TO DO = Starting at the line that contains "3、進入設置界面后,找到青少年模式選項并點擊進入。", transcribe each line exactly through the end of the data below, and skip any pictures.

PROVIDED DATA =
========================

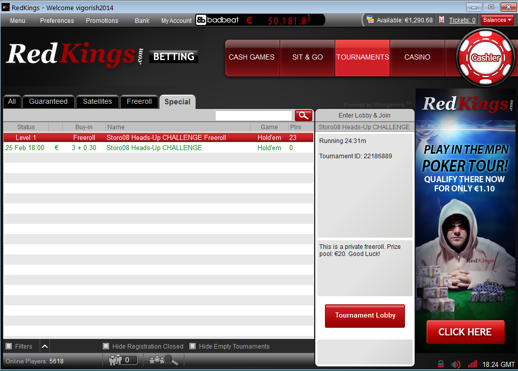 Vigorish и RedKings* объявляют новые турниры !
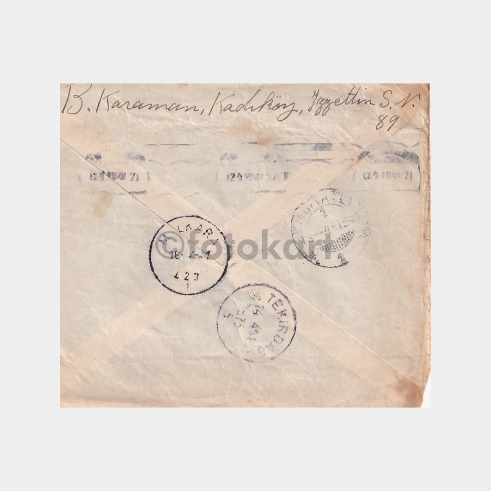 Postadan Geçmiş Zarf, 1940 Kadıköy Malkara Tekirdağ
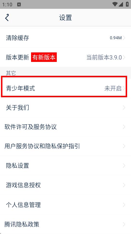 3、進入設置界面后,找到青少年模式選項并點擊進入。
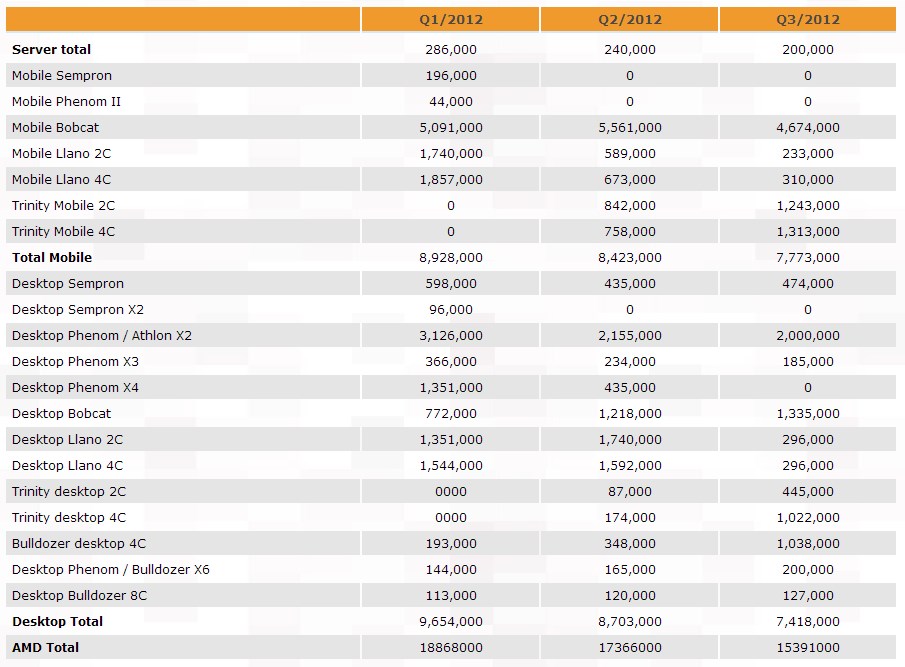 Berikut juga disertakan tabel penjualan prosesor AMD selama periode tiga kuartal terakhir dalam bentuk jumlah unit yang terjual.

========================

OUTPUT =
 3、進入設置界面后,找到青少年模式選項并點擊進入。
 Berikut juga disertakan tabel penjualan prosesor AMD selama periode tiga kuartal terakhir dalam bentuk jumlah unit yang terjual.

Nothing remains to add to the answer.